1. **Category-wise Sales and Profit:**
   - The **Furniture** and **Technology** categories show high sales figures, with **Technology** also delivering the highest profit margins.
   - The **Office Supplies** category, while having decent sales, shows lower profitability. This suggests that the margins in this category may need improvement through better cost management or a revision of pricing strategies.

2. **Sub-Category Sales & Profit:**
   - Sub-categories like **Chairs** and **Phones** show a good balance of high sales and high profits, making them key areas for strategic focus.
   - **Binders** and **Storage**, while having decent sales, have relatively low profit margins, pointing towards potential issues with pricing or cost structure in these sub-categories.

3. **Correlation Insights:**
   - There is a positive correlation between **Sales** and **Profit**, which is consistent with expectations that higher sales should drive higher profits.
   - **Quantity** shows a moderate negative correlation with **Profit**, suggesting that high volumes of low-cost items may not yield high profit margins.
   - **Discount** appears to have little to no significant effect on **Profit**, which could indicate that the current discount strategy may not be effectively boosting profits.

### Recommendations

1. **Focus on High-Profit Categories:**
   - Given the strong performance of **Technology** and **Furniture**, it would be beneficial to focus more on these categories for future growth. Consider increasing marketing efforts or introducing new products in these areas to drive more sales.

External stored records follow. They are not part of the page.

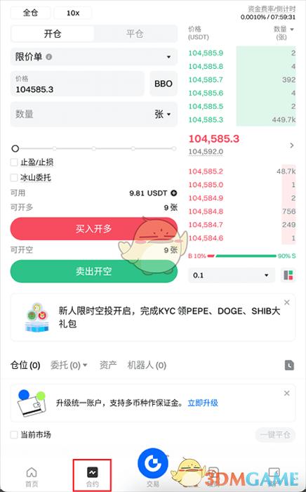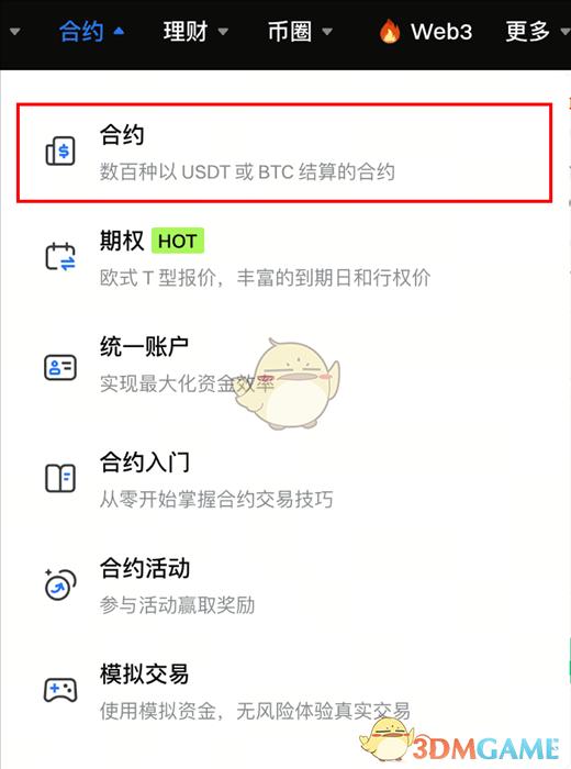 点击导航栏中的【合约】,进入合约交易页面。完成以上步骤后,您的合约账户将成功开通。
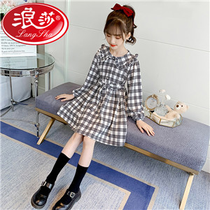 浪莎韓版女童花邊翻領黑白格子連衣裙2021春裝新款兒童長袖公主裙
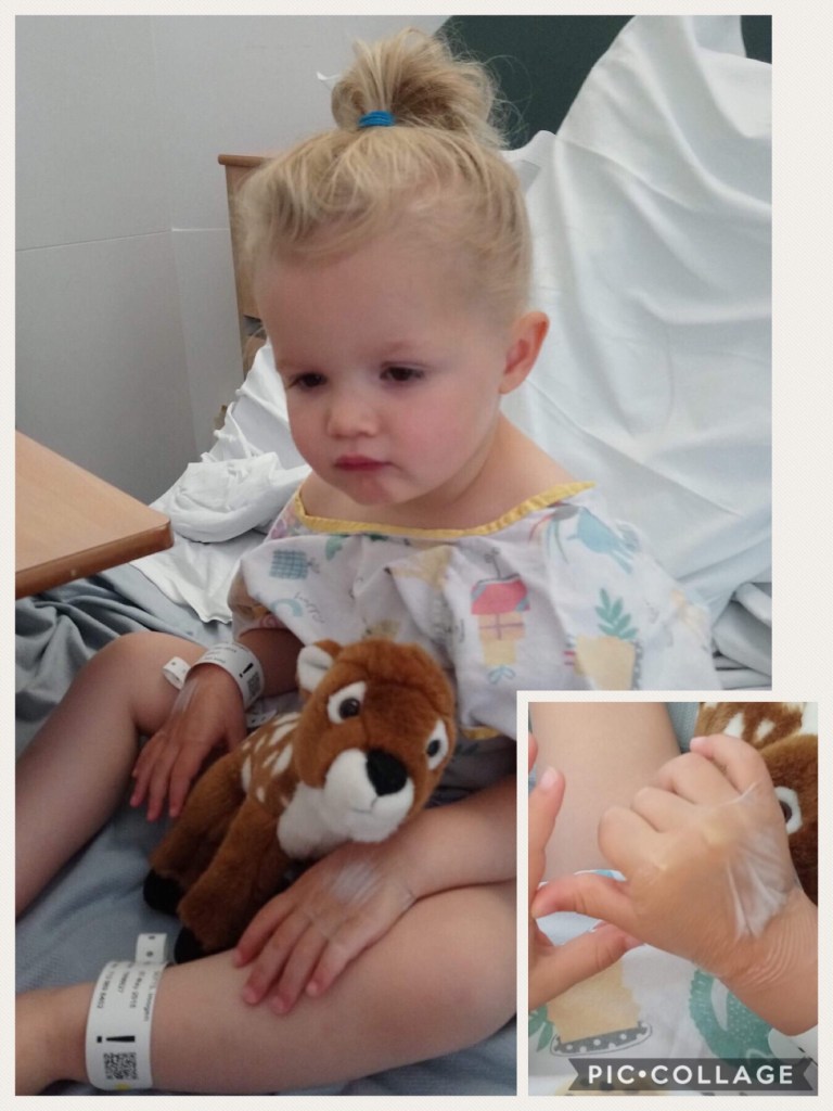 I think it’s a fear that has stemmed from her first ever blood test and it will be there I’m sure for a long time to come. Poor little luv had the cream on both hands and it was all going really well until those big sticky pads went over the top, then that was it Imogen disappeared. I literally had to sit on her hospital bed with her and cover her hands with mine so she couldn’t see them, and that’s how we remained until they fetched us for theatre. The only time she moved was to go to the toilet but she held her hands out as if she couldn’t move her arms, bless her little heart.
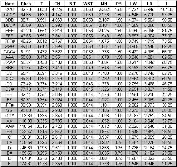 The scale I used for the Soubasse pipes is from the Laukhuff catalog for a medium Bourdon. The scale halves on the 19th note. The basic pipe design is from the Audsley book. Here's a sketch showing a front and cross section view of a Soubasse pipe followed by a table of dimensions (inches) for the entire rank:
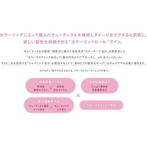 ・「W 外部補修成分」配合。ヘアカラーで乱れたキューティクルを補修し、ツヤやかな髪に導きます。
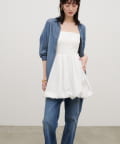 ふんわりとしたフォルムが女性らしさを引き立てつつ、カップ付き仕様でインナーいらずでさらに

2. **Improve Profitability in Office Supplies:**
   - The **Office Supplies** category, despite decent sales, has relatively low profit margins. Strategies such as better cost management, product differentiation, or revised pricing could help improve margins.

3. **Evaluate Discount Strategy:**
   - Since **Discounts** have minimal effect on profits, it may be worth re-evaluating the discounting strategy. Consider testing alternative strategies such as bundling or offering loyalty incentives to drive more value.

4. **Strategic Pricing for Low-Margin Items:**
   - For low-margin sub-categories like **Binders** and **Storage**, consider re-evaluating the pricing strategy to improve profitability. Alternatively, exploring ways to reduce costs could help improve margins in these areas.